Arithmetic and politics do not always go hand in hand and what happened this Tuesday in the European Parliament with the vote on lifting the immunity as MEPs of the exiled Catalan leaders Carles Puigdemont, Toni Comín and Clara Ponsatí sends two very clear messages: first, the result of the vote, which is clearly a pyrrhic victory for the Spanish theses. In the club of states, the rules are clear and appeals against them are never won, as corrections are not accepted but rather are subjected to public ridicule. There was no real possibility that the request to lift the immunity would not prosper, as politics and justice in this case lead in different directions. Spain manoeuvred with a disproportionate governmental intensity; the four ideological families in favour of granting the request - the progressives (PSOE), the mainstream right (PP), the liberals (Cs) and the conservatives (Vox) - activated a dominating campaign to pressure their respective parliamentary groups, while the strength of pro-independence support in Europe is what it is.
Despite this reality, Puigdemont, Comín and Ponsatí have left Spain on the brink of the abyss. At its very limit and with the embarrassment of only convincing 57% of MEPs to align themselves with the request from the Spanish Supreme Court judge Pablo Llarena. If we leave the Spanish MEPs out of the final result and look only at what parliamentarians in the rest of the EU opted for, the percentage is reduced to 55%. These are the numbers: enough for the Spanish victory, but the Catalan cause, in favour of independence, against the repression and denouncing Spanish justice's failure to be impartial, has shown an unimaginable strength and solidarity for which Catalonia must be grateful from the 293 MEPs who did not vote in favour - a balance in which only four are Catalan. It is a point which was unimaginable before the vote and shows that the internationalization of the Catalan cause has reached the heart of Europe and has come to stay. Four hundred MEPs did vote in favour, including 46 Spaniards from the parties of the regime, as a single bloc, although they have been unable to avoid desertion among their ranks in other countries.
I know that, from the moment the result of the vote appeared, the inconsistent Spanish media and political spheres have been quick to situate Puigdemont, Comín and Ponsatí as just a step away from being handed over to Spanish justice, while also masking the discredit of Spain in the affair. But there will be no handover of the three MEPs to the Spanish judiciary, either now or in the future. All that has happened is a single political vote with no legal consequences. Judge Llarena knows this, and, aware that he has the battle in Brussels lost, is trying to delay the result by raising preliminary questions in the EU courts in Luxembourg that will stop the clock on his defeat in Belgium.

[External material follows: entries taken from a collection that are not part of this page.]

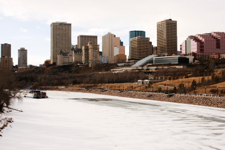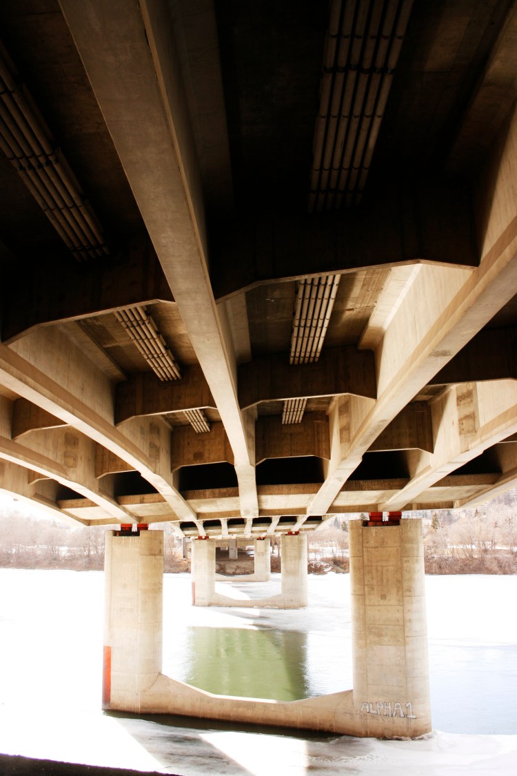 One of all the bridges crossing the North Saskatchewan River, the beautifully meandering river that separates downton Edmonton in the north from the University and Old Strathcona in the south.
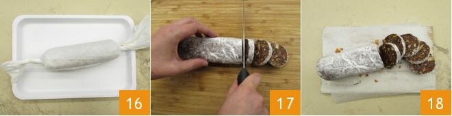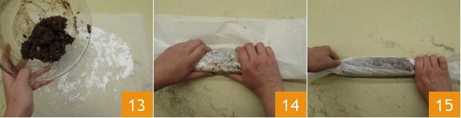 Misture bem até obter uma massa homogênea e transfira-a para uma folha de papel manteiga polvilhada com açúcar de confeiteiro 13. Modele bem com as mãos, ajudando-se sempre com a folha de papel manteiga e forme um grande cilindro 14. Finalmente, envolva o salame como um doce no papel manteiga, girando e apertando as duas extremidades 15.
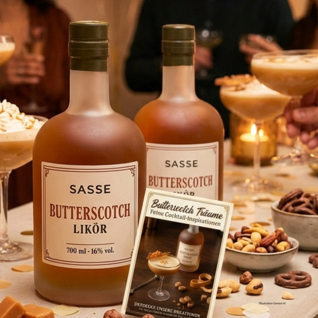 Verschenke Genuss und Wärme zugleich: Der Butterscotch Likör von Sasse ist ideal für Freunde, Familie oder als besondere Aufmerksamkeit für Genießer, die das Besondere und Heimatverbundene schätzen.
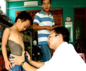 Theo chẩn đoán ban đầu của bác sĩ Phan Đình Mỹ, cháu Phong mắc chứng bệnh “bớt tăng sắc tố”. Đây là loại bệnh ngoài da hay gặp với biểu hiện là các bớt màu xanh đen, nâu hay nâu đen, có thể xuất hiện ở mặt như bớt ở vùng cổ, phần trên cánh tay, vùng thắt lưng, mông...

The fact that minutes after the decision of the European Parliament, it was decided to suspend the open prison regime of seven of the the jailed pro-independence leaders and return them immediately to Lledoners prison cannot be a coincidence. Just perhaps, someone thought that in the midst of a vote in the European Parliament, or a few days before it, this move would have had negative consequences for Spanish interests. Montesquieu is dead, as Spain's powerful former deputy PM Alfonso Guerra said back in 1985, when, taking advantage of the overwhelming Socialist majority, he proceeded to modify the nominations to the judiciary. And, certainly, he was right, even if on Tuesday the Socialist minister Miquel Iceta asserted that a separation of powers exists in Spain and denied that the executive was playing any role in the European Parliament request or the changes in the prisoners' leave regime.
We've had enough of this farce, please. Let’s all be a little more serious. The repressors and the repressed.